◆ **Input data**
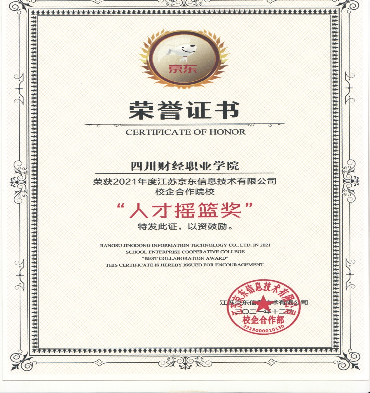 2022年1月13日,京东商城授予我院“人才摇篮”,以表彰我院在2021年新冠疫情期间坚持不懈培养优秀学生方面的贡献。
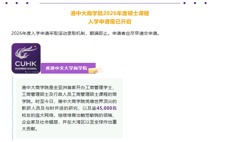 香港中文大学商学院:2026年度入学申请火热进行中!12大前沿专业!
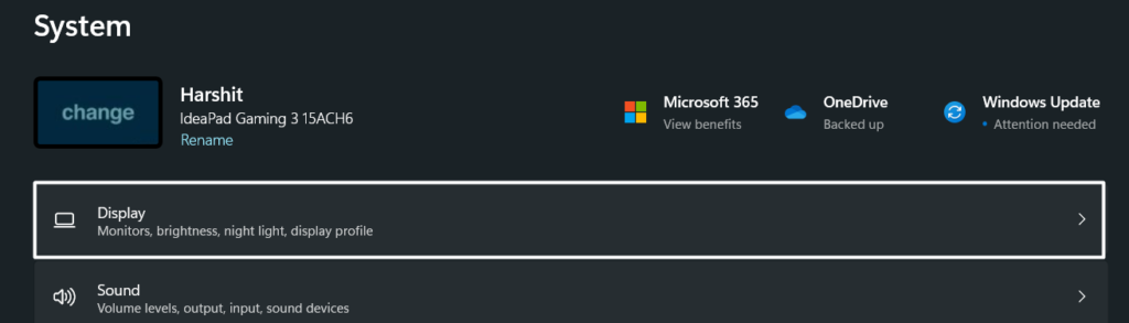 1.Apri ilApplicazione Impostazionisul tuo PC Windows 11 e vai al fileDisplaysezione dalSistemacategoria.

◆ **Task item**
Apart from the images, every line above needs to be printed again exactly.

◆ **Problem solution**
 2022年1月13日,京东商城授予我院“人才摇篮”,以表彰我院在2021年新冠疫情期间坚持不懈培养优秀学生方面的贡献。
 香港中文大学商学院:2026年度入学申请火热进行中!12大前沿专业!
 1.Apri ilApplicazione Impostazionisul tuo PC Windows 11 e vai al fileDisplaysezione dalSistemacategoria.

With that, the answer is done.